EXHIBIT 10.33
SECOND AMENDMENT TO REVOLVING CREDIT AGREEMENT
This Second Amendment is made as of this 2nd day of October, 1995, by and
between K-TEL, INC., a Minnesota corporation, having its principal place of
business in Plymouth, Minnesota ("Borrower"), and TCF BANK MINNESOTA FSB, a
federally chartered stock savings bank (the "Bank").
RECITALS
A. The Borrower and the Bank have entered into a Revolving Credit Agreement
dated as of January 30, 1995, as amended by a First Amendment to Revolving
Credit Agreement and to Revolving Note dated as of July 20, 1995 (as amended,
the "Credit Agreement"), pursuant to which the Bank, subject to the terms and
conditions set forth therein, agreed to make revolving advances to the Borrower
in the aggregate amount of up to $3,000,000.

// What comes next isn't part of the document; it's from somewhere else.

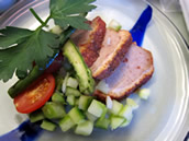 | 左から 「鴨の冷製〜China Spice」 「ズッキーニのサラダ」 「テンダーロインステーキ」 ステーキに合わせた赤ワイン 南オーストラリア 「Peter Lehmann」 Barossaのシラーズ |

B. The Borrower's obligation to repay the revolving advances made by the
Bank under the Credit Agreement is evidenced by the Borrower's Revolving Note
dated January 30, 1995, payable to the Bank's order in the original principal
amount of $3,000,000, as amended (the "Note"). As of September 25, 1995, the
outstanding principal balance of the Note was $1,926,713.29 and interest thereon
has been paid through September 1, 1995.
C. K-Tel International (USA), Inc. ("K-Tel USA") and Dominion
Entertainment, Inc. ("Dominion") and the Bank have entered into a Revolving
Credit Agreement dated as of July 22, 1994, as amended (the "K-Tel USA/Dominion
Credit Agreement").
D. K-Tel USA and Dominion have requested that the Bank increase the
Commitment Amount of the Bank under the K-Tel USA/Dominion Credit Agreement from
$2,000,000 to $3,500,000.
E. The Bank is willing to grant the request of K-Tel USA and Dominion,
provided that the Borrower enter into this Second Amendment.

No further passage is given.